Construction of a risk prediction model for cardiovascular events in community hypertensive patients based on remote ambulatory blood pressure parameters
10.3969/j.issn.1006-2483.2026.03.018
- VernacularTitle:基于远程动态血压参数的社区高血压患者心血管事件风险预测模型构建
- Author:
Guiqiu ZHU
1
;
Yihong WU
2
;
Hao ZHANG
3
;
Jun SUN
3
;
Yajuan ZHANG
3
;
Xiaohong WANG
3
;
Zongquan ZHAO
2
Author Information
1. Cardiovascular Center - Electrocardiography Center, The Affiliated Suzhou Hospital of Nanjing Medical University(Suzhou Municipal Hospital), Suzhou , Jiangsu 215000, China;
2. Department of General Practice, Runda Community Health Service Center Wumenqiao Subdistrict, Gusu District, Suzhou City, Suzhou , Jiangsu 215000, China
3. Department of General Practice, Pingjiang New Town Community Health Service Center Sujin Subdistrict, Gusu District, Suzhou City, Suzhou , Jiangsu 215000, China
- Publication Type:Journal Article
- Keywords:
Community hypertension;
Major adverse cardiovascular events;
Ambulatory blood pressure;
Remote;
Prediction model
- From:
Journal of Public Health and Preventive Medicine
2026;37(3):85-89
- CountryChina
- Language:Chinese
-
Abstract:
Objective To explore the risk prediction model of major adverse cardiovascular events (MACE) in community patients with hypertension based on remote ambulatory blood pressure parameters. Methods From November 2023 to October 2024, 486 community patients with hypertension who received standardized management in Nanjing Medical University Affiliated to Suzhou Hospital were retrospectively selected. All patients wore remote ambulatory blood pressure monitor to obtain 24-hour ambulatory blood pressure data. Clinical data were collected and remote ambulatory blood pressure parameters [24-hour systolic blood pressure variability (SBPV), 24-hour diastolic blood pressure variability (DBPV), nighttime SBPV, nighttime DBPV, daytime SBPV, daytime DBPV] were extracted.

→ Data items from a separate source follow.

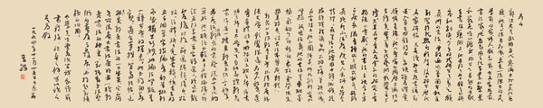 郭沫若是我国当代誉满中外的文化巨匠。他是一位革命家,更是一位杰出的史学家、作家、诗人、戏剧家、古文字学家、书法家,他为我国文化事业的繁荣和发展呕心沥血,做出了卓越的贡献。在书法艺术上,他进行了七十余年的研究和创作。少年时就研习王羲之、颜真卿的书法,曾数遍临摹《兰亭序》,达到驾轻就熟的程度,后又研习历代名家碑帖,尤喜读孙过庭《书谱》,对“逆入平出,回锋转向”要诀极为赞赏,领悟甚深。他以丰富的阅历与渊博的学识充实着书法艺术,影响着书坛。尤其在甲骨文及金文的研究上有特殊的贡献,他的书法,在结字上方正居处,偶有横式与纵式相参,虽显奇绝却不失法度,既出人意料,又符合情理;在笔法上,他善用中锋、侧锋,提按顿挫,挥洒自如,不拘一格,笔挟风涛;在写法上,他不囿绳墨,师法创新,变化无极,疏密得当。他的书作笔酣墨畅,气韵生动,坚劲豪放,气势恢宏,独具特色,被书法界尊为“郭体”。
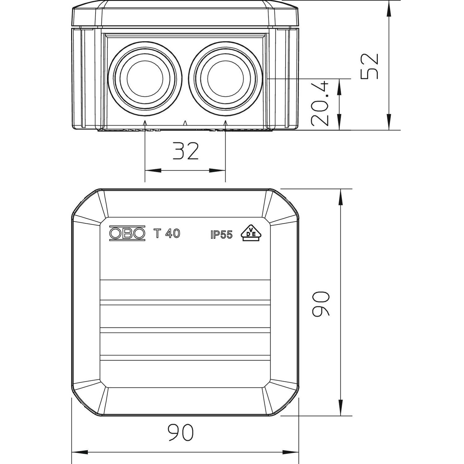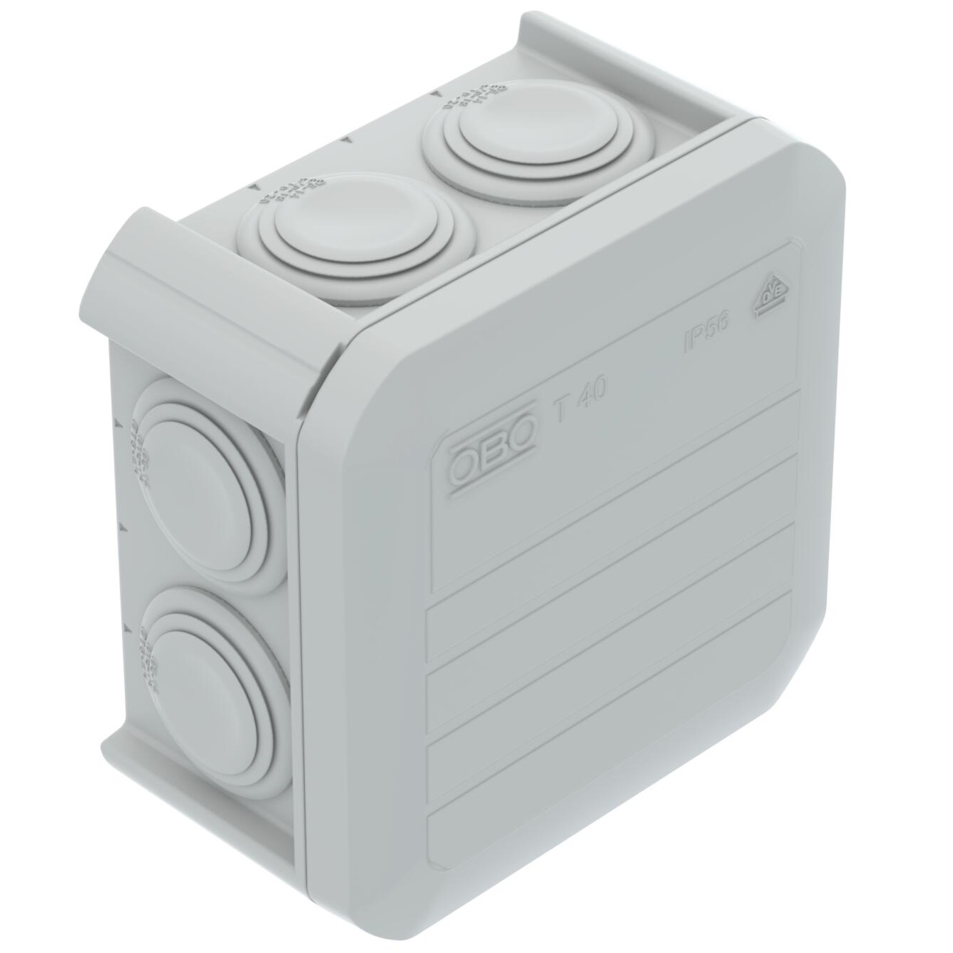 Кабельна коробка розгалуження, для підключення кабелів і провідників у приміщенні або в захищених зонах ззовні приміщень. Квадратна форма зі вставними ущільнювачами на боках та на дні. Підходить для настінного й стельового монтажу та кріплення до монтажної пластини. З можливістю кріплення зсередини. З фіксованою кришкою клемної колодки. Виготовлено з матеріалів без вмісту галогенів та стійких до УФ.
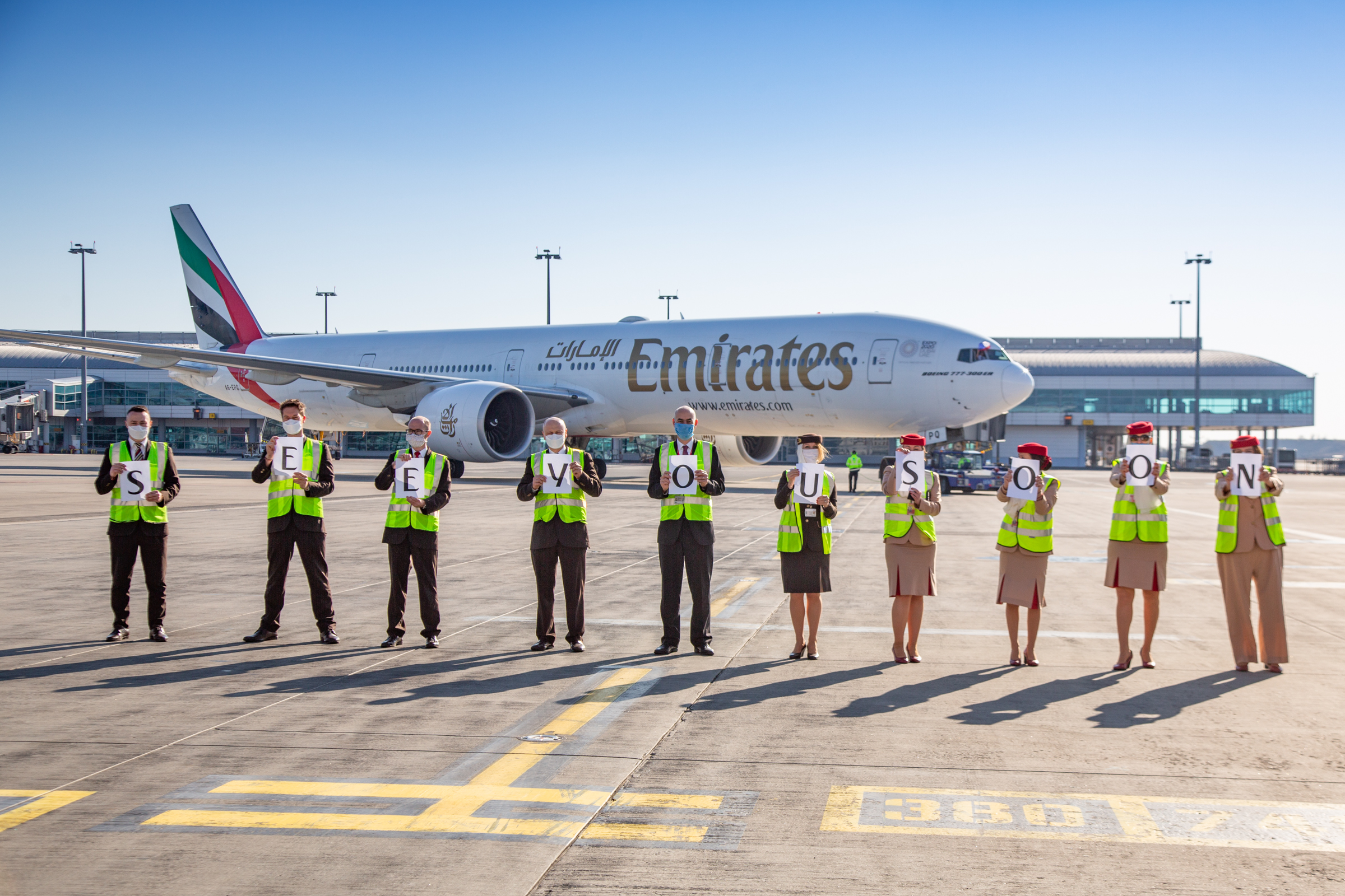 لّوح موظفو طيران الإمارات في مختلف المطارات العالمية، بأيديهم لطائرات الناقلة العائدة إلى دبي قبيل بدء سريان تعليق الرحلات مؤقتاً، على أمل اللقاء مجدداً واستئناف العمليات في وقت قريب. وكانت آخر رحلة مغادرة "ئي كيه 5" إلى لندن هيثرو قد انطلقت من مطار دبي الدولي في الساعة 4:05 عصر يوم 24 مارس، في حين كانت آخر رحلة قادمة "ئي كيه 262" التي وصلت إلى دبي من ساو باولو الساعة 22:35 ليلاً يوم 25 مارس الجاري.

The patients were followed up for 12 months, and were classified into MACE group (n=42) and non-MACE group (n=444) according to whether MACE occurred during follow-up. Multivariate Logistic regression analysis was adopted to screen the influencing factors for MACE. Based on the above factors, a risk prediction model was constructed and verified by receiver operating characteristic (ROC) curve. Results MACE occurred in 42 cases among 486 patients, with an incidence rate of 8.64%. Multivariate Logistic regression analysis suggested that nighttime DBPV (OR=1.119, 95%CI: 1.030-1.214), 24h-SBPV (OR=1.115, 95%CI: 1.007-1.235), nighttime SBPV (OR=1.116, 95%CI: 1.016-1.226) and diabetes mellitus (OR=2.762, 95%CI: 1.059-7.203) were independent factors for MACE (P<0.05). The model validation results revealed that the area under the ROC curve was 0.905 (95%CI: 0.854-0.956 ), and the model had a good discrimination degree. Conclusion Nighttime DBPV, 24h-SBPV, nighttime SBPV and diabetes mellitus are independent risk factors for MACE in community patients with hypertension. The clinical prediction model based on these variables exhibits certain predictive value on MACE risk.